07-28-2009, 07:35 AM
One of the questions that come up in Industrial non-specification application is the testing of hardness. I have read the information on the this site, as well as books, and researched some, but still have few questions on how best to explain to a customer.
Is there any guideline for determining when a material should be tested using Microhardness vs Macro Hardness testing. In our experience, microhardness testing, with low force, is not a common test equipment in general industry, hence customers are not familiar.
How best to explain to customers about when, where how to microhardness test thermal spray coatings?
Thanks much, by the way we are all safe here after the terrible bombing in the Ritz Hotel in Jakarta (i was in the hotel in a seminar 24 hours prior to the bomb, lucky)
Bexxon Global Singapore
07-28-2009, 11:52 AM (This post was last modified: 07-28-2009 12:24 PM by LEN WOOD.)
|RE: Hardness Testing
It's really a question of relevant levels of testing, analysis and examination to the application and industry. A 'horses for courses' approach. You wouldn't Dyno test a Model T or scrutinise it to the same degree as an F1 car.
Samples prepared for Micro Hardness testing are also ready for metallurgical examination for integrity. Superior, higher performance and more consistent coatings can be achieved/sustained with higher levels of testing and examination. Greater scrutiny and testing inevitably facilitates a better coating which has to be the customer's greatest desire. Obviously the processing costs are higher but a substandard coating is a waste of money and a false economy.
Macro Hardness testing is superficial and the very basic requirement. It is fraught with more bogus results than Micro Hardness testing.
There is however still some coatings that can only be macro hardness tested
You were fortunate in Jakarta. Not a local lad then? Indonesia is such a beautifully exotic and diverse country. It has changed since I was last there. Bali was one of my favourite places especially with Komodo Island and its wonders just down the road.
I forget how many times I nearly blew up while in the Middle East, particularly when working with Northerners!
08-08-2009, 05:16 PM
|RE: Hardness Testing
Glad to hear you are still with us. Very worrying when you think you are lucky not to be in the wrong place at the wrong time.
Quote:Is there any guideline for determining when a material should be tested using Microhardness vs Macro Hardness testingOther than when dictated by specification/customer requirement - The best hardness test method to a large extent will depend on type of coating and thickness. Micro-hardness testing in some circumstances may be the only viable way, like on thin coatings. Usually, micro-hardness testing is done on the coating cross-section and involves metallographic sample preparation. So usually metallography and micro-hardness analysis go hand in hand on the same test sample.
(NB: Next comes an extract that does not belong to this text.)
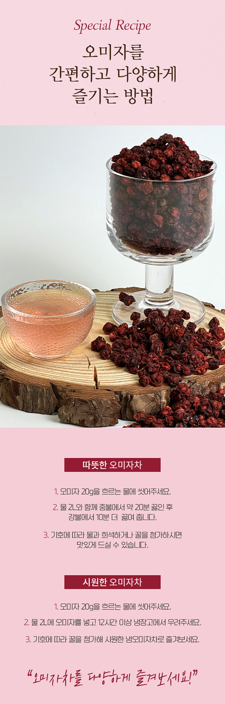 Enjoy Omija in every season: refreshing as a chilled tea in summer, or soothing as a warm tea in winter. It also adds a distinctive taste and color to various dishes.
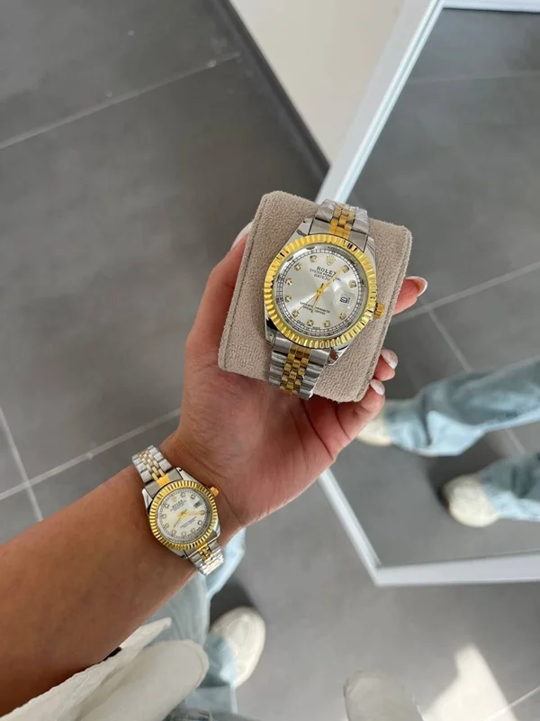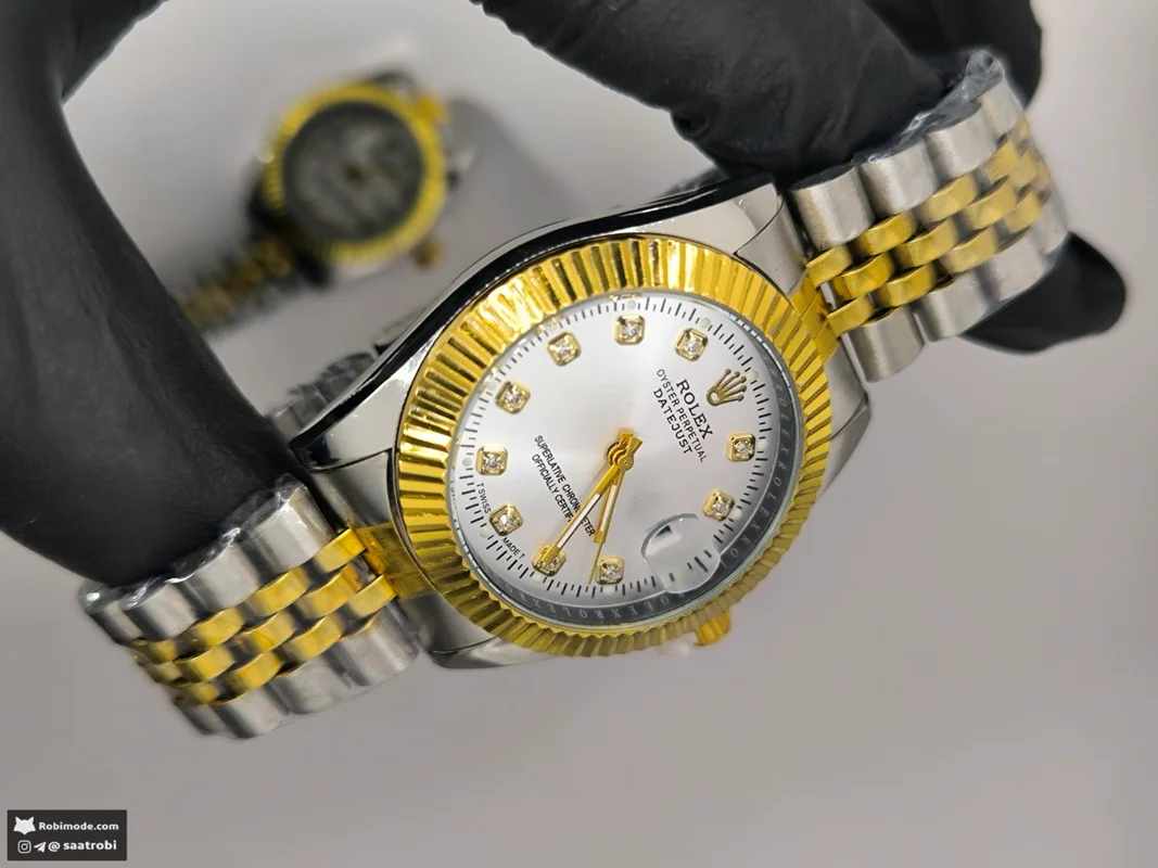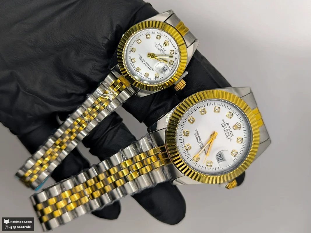ساعت ست رولکس دیت جاست با طراحی کلاسیک و صفحه برجسته نگیندار انتخابی لوکس و ماندگار برای زوجهاییست که به جزئیات اهمیت میدهند این مدل با پشت و سرکوک رولکسی واشر بندی دقیق و تقویم تلسکوپی عرضه شده و دارای روزشمار و رنگ ثابت است که در کنار کیفیت ساخت بالا جلوهای خاص به استایل شما میبخشد این محصول را از فروشگاه اینترنتی روبی مد تهیه کنید و با یک انتخاب شیک و هماهنگ بدرخشید.

Quote:In our experience, microhardness testing, with low force, is not a common test equipment in general industry, hence customers are not familiarYes, probably because they don't have a metallurgy laboratory where this test is most commonly employed.
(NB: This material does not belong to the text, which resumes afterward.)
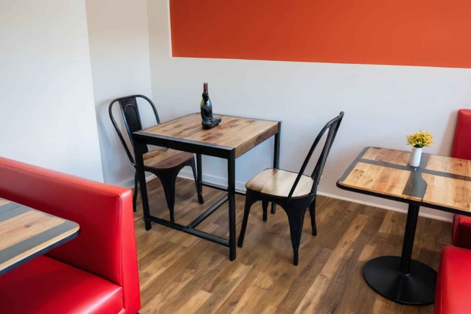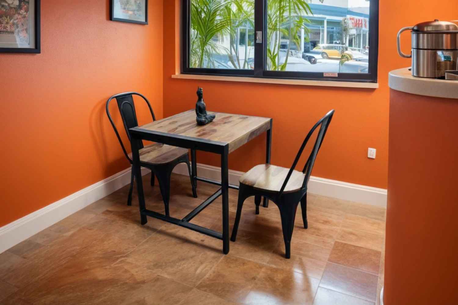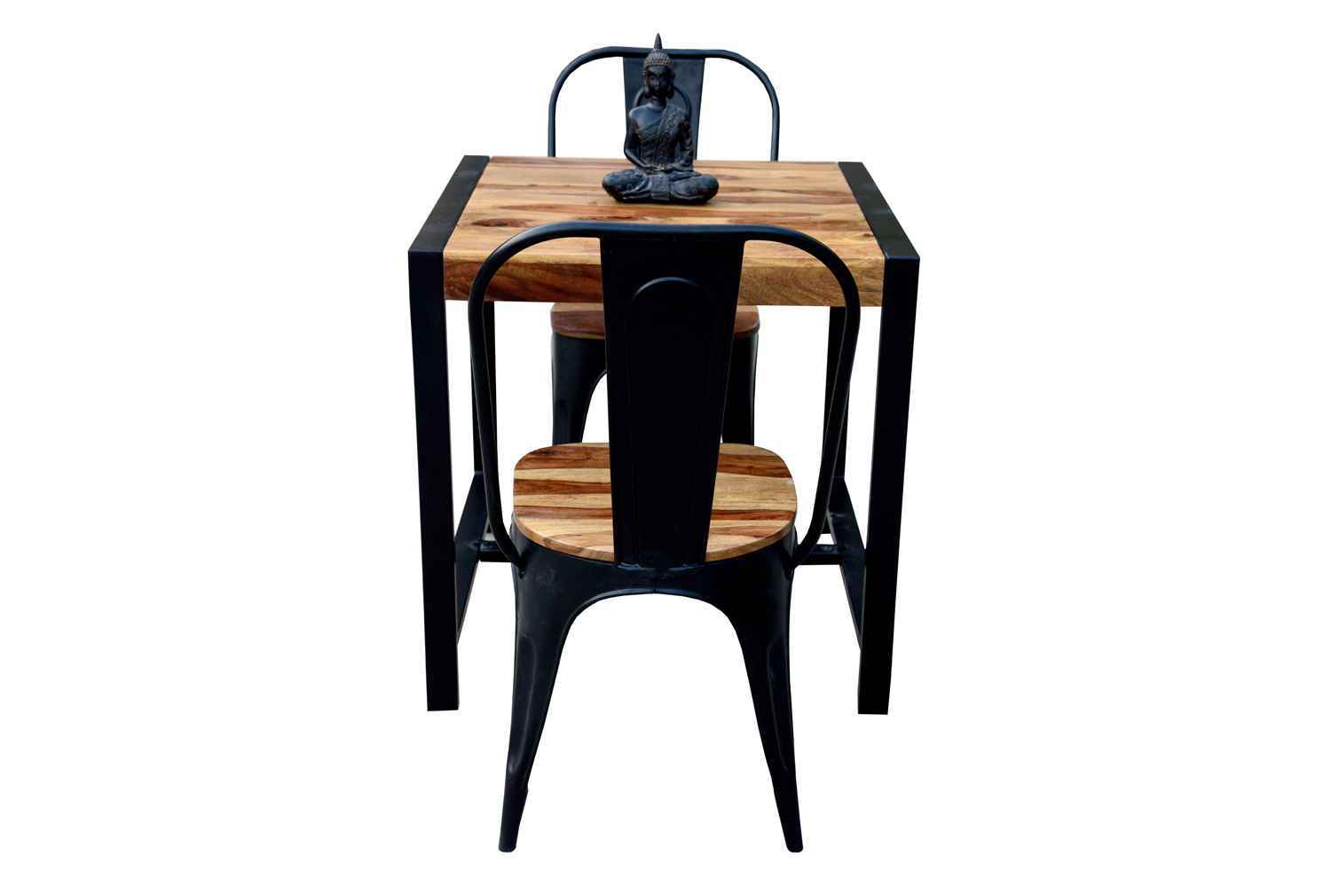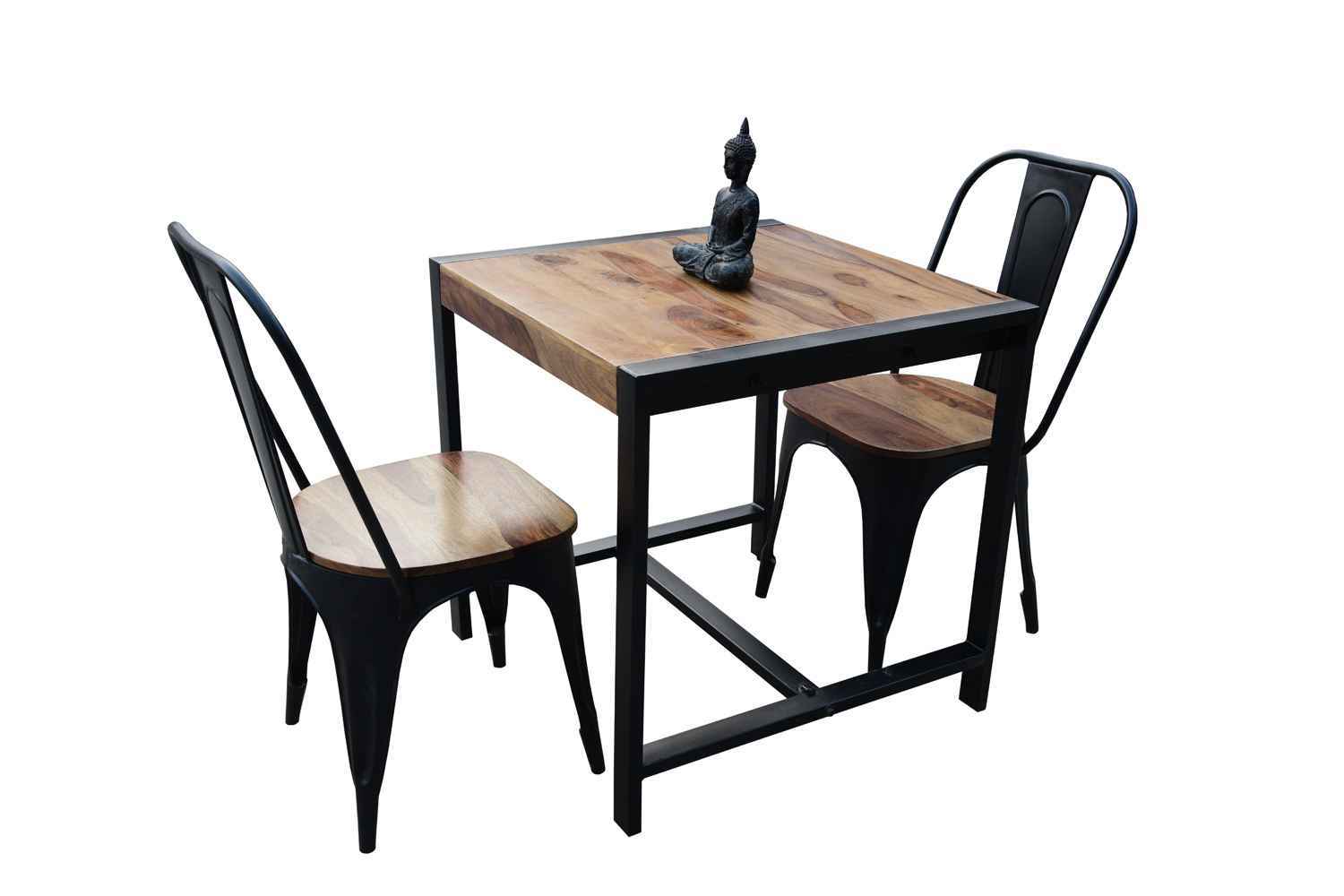 2 Seater Picco Small Dining Table With Molding Black Iron Chair Set

Quote:How best to explain to customers about when, where how to microhardness test thermal spray coatings?
Not really an easy one to answer, but her goes:
Depends if using as a quality control or coating development tool. I assume as quality control.
First, hardness testing is really about proving process, rather than proving actual finish product. So to a large extent, whether to test or not, frequency etc will depend on confidence levels in the coating process. There are a few coatings (high end carbide, ceramic and abradable coatings) which tend to be very sensitive to process conditions/ powder batch quality and do really require hardness testing for setting process parameters and subsequent quality monitoring. Many coatings are not this sensitive and are not (needed ?) routinely tested, though again this is very dependent on process/equipment quality (servicing, calibration, operators etc...) Process is key - the greater the process consistency - higher confidence - lower the testing frequency. Some coatings hardness is not an issue as long as other requirements are met.
Micro-hardness testing is relatively costly, time consuming and requires trained/skill people, so economics raises it ugly head here.
Micro-hardness testing is not really an alternative to macro-hardness testing. Very often when cross-sectional micro-hardness is called for, macro-hardness tests are also required. The results are not always directly comparable as they are measuring different aspects of the coating properties.
Hope that helps in conjunction with GlenB's comments.